- _Excerpted data_:
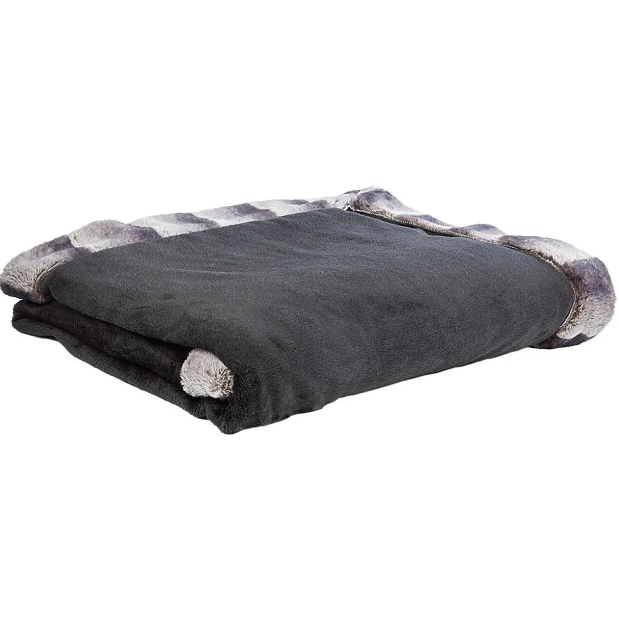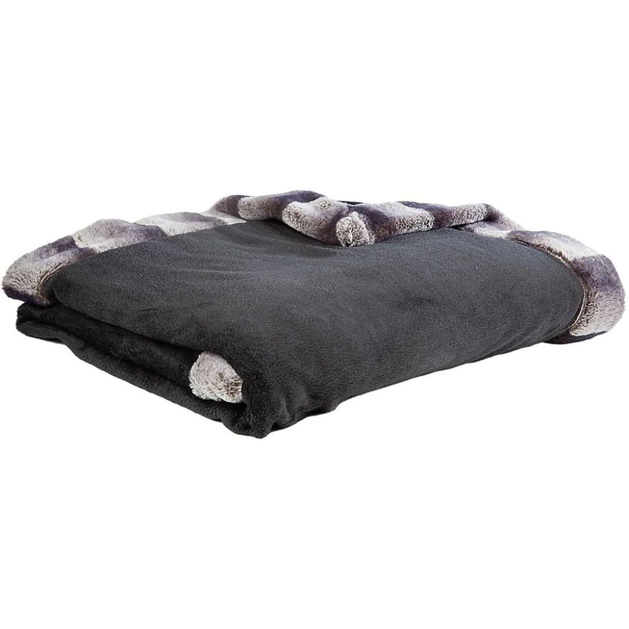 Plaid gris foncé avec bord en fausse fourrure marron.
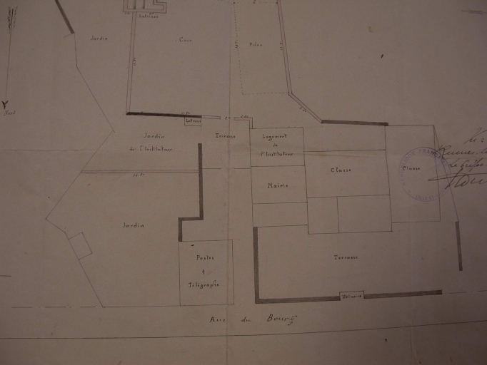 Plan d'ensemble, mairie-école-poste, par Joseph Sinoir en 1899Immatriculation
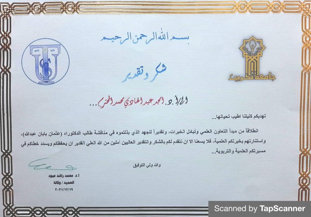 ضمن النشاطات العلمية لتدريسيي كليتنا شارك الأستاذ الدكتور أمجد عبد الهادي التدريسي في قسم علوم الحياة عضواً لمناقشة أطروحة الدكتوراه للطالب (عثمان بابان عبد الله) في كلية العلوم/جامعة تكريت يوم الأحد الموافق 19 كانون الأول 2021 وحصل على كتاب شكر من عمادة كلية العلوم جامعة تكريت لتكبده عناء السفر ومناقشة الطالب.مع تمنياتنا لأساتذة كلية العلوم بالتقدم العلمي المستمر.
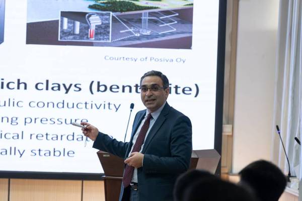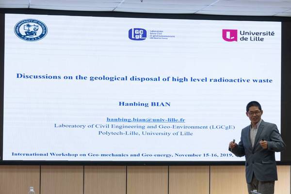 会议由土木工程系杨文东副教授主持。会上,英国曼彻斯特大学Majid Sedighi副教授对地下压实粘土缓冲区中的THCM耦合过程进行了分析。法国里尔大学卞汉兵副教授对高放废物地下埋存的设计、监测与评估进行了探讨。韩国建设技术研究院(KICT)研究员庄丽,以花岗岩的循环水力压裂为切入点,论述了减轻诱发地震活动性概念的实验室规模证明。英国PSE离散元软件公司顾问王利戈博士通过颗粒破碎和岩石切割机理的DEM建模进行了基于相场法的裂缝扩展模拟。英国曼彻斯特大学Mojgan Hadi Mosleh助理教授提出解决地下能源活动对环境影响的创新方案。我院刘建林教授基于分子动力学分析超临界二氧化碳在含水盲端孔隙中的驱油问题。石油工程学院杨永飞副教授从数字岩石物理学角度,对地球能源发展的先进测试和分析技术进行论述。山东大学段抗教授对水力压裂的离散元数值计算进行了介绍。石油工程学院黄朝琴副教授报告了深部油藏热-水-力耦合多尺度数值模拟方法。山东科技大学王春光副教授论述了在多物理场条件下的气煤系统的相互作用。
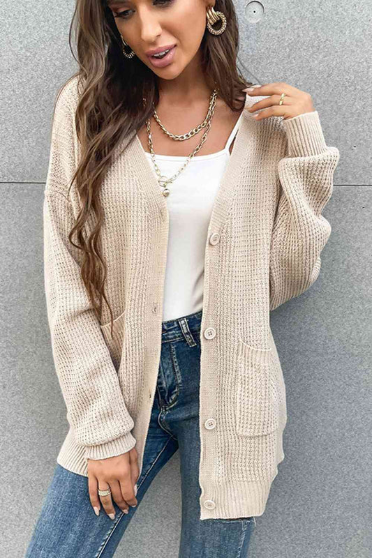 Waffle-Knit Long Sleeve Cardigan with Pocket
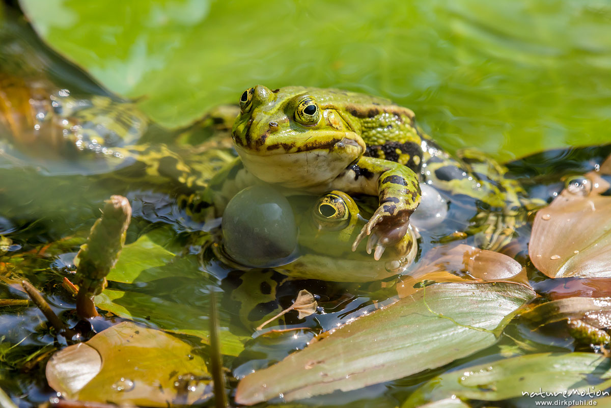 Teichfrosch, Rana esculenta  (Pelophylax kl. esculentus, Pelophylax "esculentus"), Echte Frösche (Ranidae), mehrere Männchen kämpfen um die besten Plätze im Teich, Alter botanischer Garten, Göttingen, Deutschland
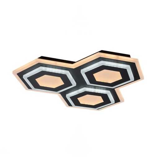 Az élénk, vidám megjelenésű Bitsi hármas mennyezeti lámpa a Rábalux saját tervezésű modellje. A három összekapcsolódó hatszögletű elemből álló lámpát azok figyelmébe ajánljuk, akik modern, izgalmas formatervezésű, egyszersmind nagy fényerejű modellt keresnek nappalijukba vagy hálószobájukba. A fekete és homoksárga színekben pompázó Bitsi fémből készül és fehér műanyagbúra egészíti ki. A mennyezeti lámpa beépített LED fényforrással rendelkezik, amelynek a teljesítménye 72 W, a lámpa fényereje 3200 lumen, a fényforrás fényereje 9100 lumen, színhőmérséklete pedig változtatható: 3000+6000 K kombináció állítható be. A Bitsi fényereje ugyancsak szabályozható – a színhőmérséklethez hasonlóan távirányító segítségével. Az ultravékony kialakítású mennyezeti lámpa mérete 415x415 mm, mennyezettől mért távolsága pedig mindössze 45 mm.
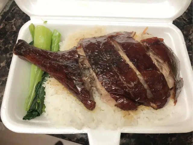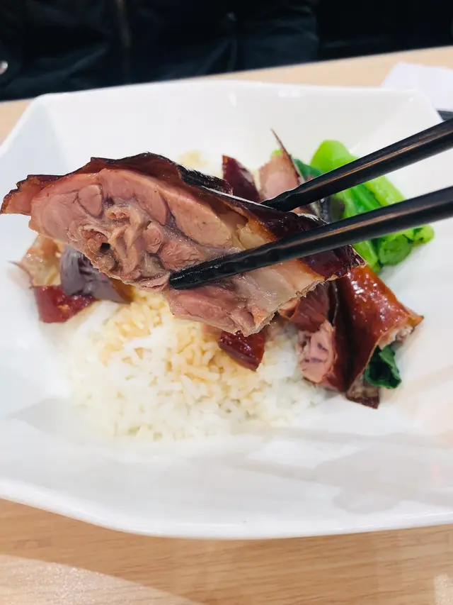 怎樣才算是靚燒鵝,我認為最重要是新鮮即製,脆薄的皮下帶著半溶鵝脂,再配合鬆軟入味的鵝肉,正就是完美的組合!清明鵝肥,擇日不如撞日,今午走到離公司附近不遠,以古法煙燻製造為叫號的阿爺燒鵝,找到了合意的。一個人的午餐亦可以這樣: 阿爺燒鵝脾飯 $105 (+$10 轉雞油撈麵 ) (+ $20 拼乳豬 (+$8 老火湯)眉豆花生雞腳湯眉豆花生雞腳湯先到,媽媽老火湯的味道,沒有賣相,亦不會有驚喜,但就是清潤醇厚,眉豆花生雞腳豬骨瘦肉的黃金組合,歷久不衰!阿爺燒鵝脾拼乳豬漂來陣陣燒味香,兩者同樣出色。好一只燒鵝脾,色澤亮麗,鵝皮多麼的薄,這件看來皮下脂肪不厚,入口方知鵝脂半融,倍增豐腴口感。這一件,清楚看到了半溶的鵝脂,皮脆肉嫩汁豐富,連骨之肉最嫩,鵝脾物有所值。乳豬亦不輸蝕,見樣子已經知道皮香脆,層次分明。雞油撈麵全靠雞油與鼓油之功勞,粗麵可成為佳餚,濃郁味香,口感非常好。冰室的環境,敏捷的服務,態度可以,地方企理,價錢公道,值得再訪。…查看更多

- _Activity_: Begin at the first line of the records and please reproduce every line exactly through the one containing "Az élénk, vidám", leaving all pictures out.

- _Solution to the problem_:
 Plaid gris foncé avec bord en fausse fourrure marron.
 Plan d'ensemble, mairie-école-poste, par Joseph Sinoir en 1899Immatriculation
 ضمن النشاطات العلمية لتدريسيي كليتنا شارك الأستاذ الدكتور أمجد عبد الهادي التدريسي في قسم علوم الحياة عضواً لمناقشة أطروحة الدكتوراه للطالب (عثمان بابان عبد الله) في كلية العلوم/جامعة تكريت يوم الأحد الموافق 19 كانون الأول 2021 وحصل على كتاب شكر من عمادة كلية العلوم جامعة تكريت لتكبده عناء السفر ومناقشة الطالب.مع تمنياتنا لأساتذة كلية العلوم بالتقدم العلمي المستمر.
 会议由土木工程系杨文东副教授主持。会上,英国曼彻斯特大学Majid Sedighi副教授对地下压实粘土缓冲区中的THCM耦合过程进行了分析。法国里尔大学卞汉兵副教授对高放废物地下埋存的设计、监测与评估进行了探讨。韩国建设技术研究院(KICT)研究员庄丽,以花岗岩的循环水力压裂为切入点,论述了减轻诱发地震活动性概念的实验室规模证明。英国PSE离散元软件公司顾问王利戈博士通过颗粒破碎和岩石切割机理的DEM建模进行了基于相场法的裂缝扩展模拟。英国曼彻斯特大学Mojgan Hadi Mosleh助理教授提出解决地下能源活动对环境影响的创新方案。我院刘建林教授基于分子动力学分析超临界二氧化碳在含水盲端孔隙中的驱油问题。石油工程学院杨永飞副教授从数字岩石物理学角度,对地球能源发展的先进测试和分析技术进行论述。山东大学段抗教授对水力压裂的离散元数值计算进行了介绍。石油工程学院黄朝琴副教授报告了深部油藏热-水-力耦合多尺度数值模拟方法。山东科技大学王春光副教授论述了在多物理场条件下的气煤系统的相互作用。
 Waffle-Knit Long Sleeve Cardigan with Pocket
 Teichfrosch, Rana esculenta  (Pelophylax kl. esculentus, Pelophylax "esculentus"), Echte Frösche (Ranidae), mehrere Männchen kämpfen um die besten Plätze im Teich, Alter botanischer Garten, Göttingen, Deutschland
 Az élénk, vidám megjelenésű Bitsi hármas mennyezeti lámpa a Rábalux saját tervezésű modellje. A három összekapcsolódó hatszögletű elemből álló lámpát azok figyelmébe ajánljuk, akik modern, izgalmas formatervezésű, egyszersmind nagy fényerejű modellt keresnek nappalijukba vagy hálószobájukba. A fekete és homoksárga színekben pompázó Bitsi fémből készül és fehér műanyagbúra egészíti ki. A mennyezeti lámpa beépített LED fényforrással rendelkezik, amelynek a teljesítménye 72 W, a lámpa fényereje 3200 lumen, a fényforrás fényereje 9100 lumen, színhőmérséklete pedig változtatható: 3000+6000 K kombináció állítható be. A Bitsi fényereje ugyancsak szabályozható – a színhőmérséklethez hasonlóan távirányító segítségével. Az ultravékony kialakítású mennyezeti lámpa mérete 415x415 mm, mennyezettől mért távolsága pedig mindössze 45 mm.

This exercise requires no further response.